The only sound in the room was the clatter of motor drives as tycoon, Rupert — just-call-me-Prince-Charming — Henshawe’s press conference was hijacked by his fiancĂ©e, Lucy — I-feel-like-Cinderella — Bright as she tugged off her engagement ring and flung it at him.

‘Cheat!’

Every lens in the room zoomed in on the bright splash of blood where the huge diamond found its mark on Henshawe’s cheek.

The gathered press pack – city newsmen, financial pundits, television news teams - held their collective breath.

They’d been summoned to a full dress press conference by the Henshawe Corporation. Whatever Henshawe did was news. Good news if you were one of his shareholders. Bad news if you happened to be on the receiving end of one of his corporate raids. At least until recently.
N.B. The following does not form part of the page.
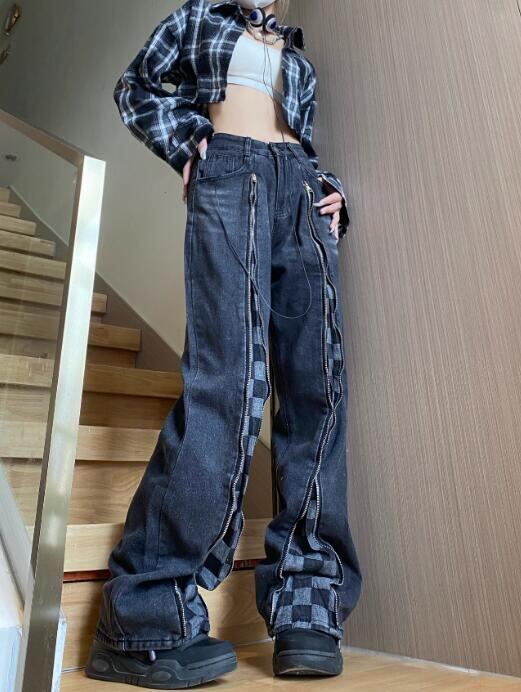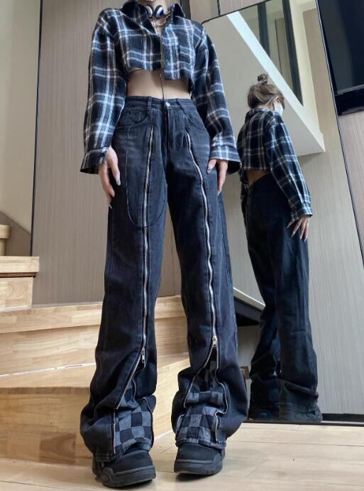 ファッション レディース ボトムス ジーンズ ズボン デニム ファスナー チェック

The news now was all been about how he’d changed. How, having met his “Cinderella”, he had been redeemed by love and was no longer Mr Nasty, but had been transformed into Prince Charming.

Boring.

This was much more like it.

‘Why?’ Lucy demanded, ignoring the cameras, the mikes, dangled overhead, pushed towards her face. The larger than life-sized images of herself, wearing her own, custom-made originals of the “Lucy B” fashions, being flashed across a screen. All she could see was the man on the podium. ‘Why did you do it?’

Stupid question. It was all there in the file she’d found. The one she’d was never meant to see. All laid out in black and white.

‘Lucy! Darling…’ Rupert’s voice was deceptively soft as, using the power of the microphone in front of him, he drowned out her demand to know why her? ‘These are busy people and they’ve got deadlines to meet. They’ve come to listen to the plans I’ve been making, we’ve been making for the future of the company,’ he stressed. ‘Not a domestic tiff.’

His smile was tender, all concern for her. It was familiar, reassuring and even now it would be so easy to be sucked in…

‘I don’t know what’s upset you but it’s obvious that you’re tired. Let Gordon take you home and we’ll talk about it later, hmm?’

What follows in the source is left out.